I guess some people want all the symbols of gender or class or social group or whatever to be congruous, but I think that gets visually boring.

And going from the general to the specific, Weeze, I think you'd totally rock short hair. I'm sure you'd get some slightly stunned reactions, but I bet that soon most people would have a hard time thinking of you in long hair.


----------



## Mishty (Sep 27, 2010)

I have always had long hair, even when I get 20 inches chopped off, give me a year and it's "long" again. I have uber thick curly/wavy hair, that is more dishwater blond than brown, and I dye it between 1-3 times a year, I can pull off super light blond dye because my roots don't really show, I do this with light red dye to, but red hair goes dull so fast I get annoyed and prefer to just put in a red semi-perma dye every few years to change things around. 

I guess when my hair is down I get a lot more attention, but maybe it's cause I have this massive forehead :doh: 

I get hands in my hair when it's down, and when this happens I get shivers and goose bumps so fast....  I don't know why, but when I wear my hair down men and sometimes women just wanna....touch it. I hate this, and think it's one of my main reasons I wear it up in a sloppy knot or side pony. 

I cut my own hair or let anyone that's nearby cut it, 'cause I really could care less, but I don't like people touching my head/hair AT ALL! I've only had less around 10(or less) actual haircuts from salons in my life.
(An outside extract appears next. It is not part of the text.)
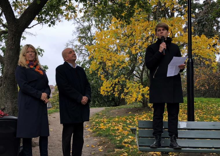"Vi står här för Jamal men även för alla de journalister som är fängslade i Saudiarabien", sa Ulrika Hyllert på manifestationen vid Saudiarabiens ambassad i Stockholm för den mördade saudiske journalisten Jamal Khashoggi.

The whole time I just sit there rigid and tense. 

My Mama grew her hair passed her knees when I was little girl, my Daddy loved it, still does, he complains a lot about her cutting her hair so short now that shes older.


----------



## Dr. Feelgood (Sep 27, 2010)

Weeze said:


> BUMP.
> 
> I'm looking to get my hair cut a lot shorter, but I'd be lying if I said the biggest thing holding me back wasn't the way it'd make other people react. IT IS SO FRUSTRATING. I hate that women with short hair have such a hard time being viewed as feminine.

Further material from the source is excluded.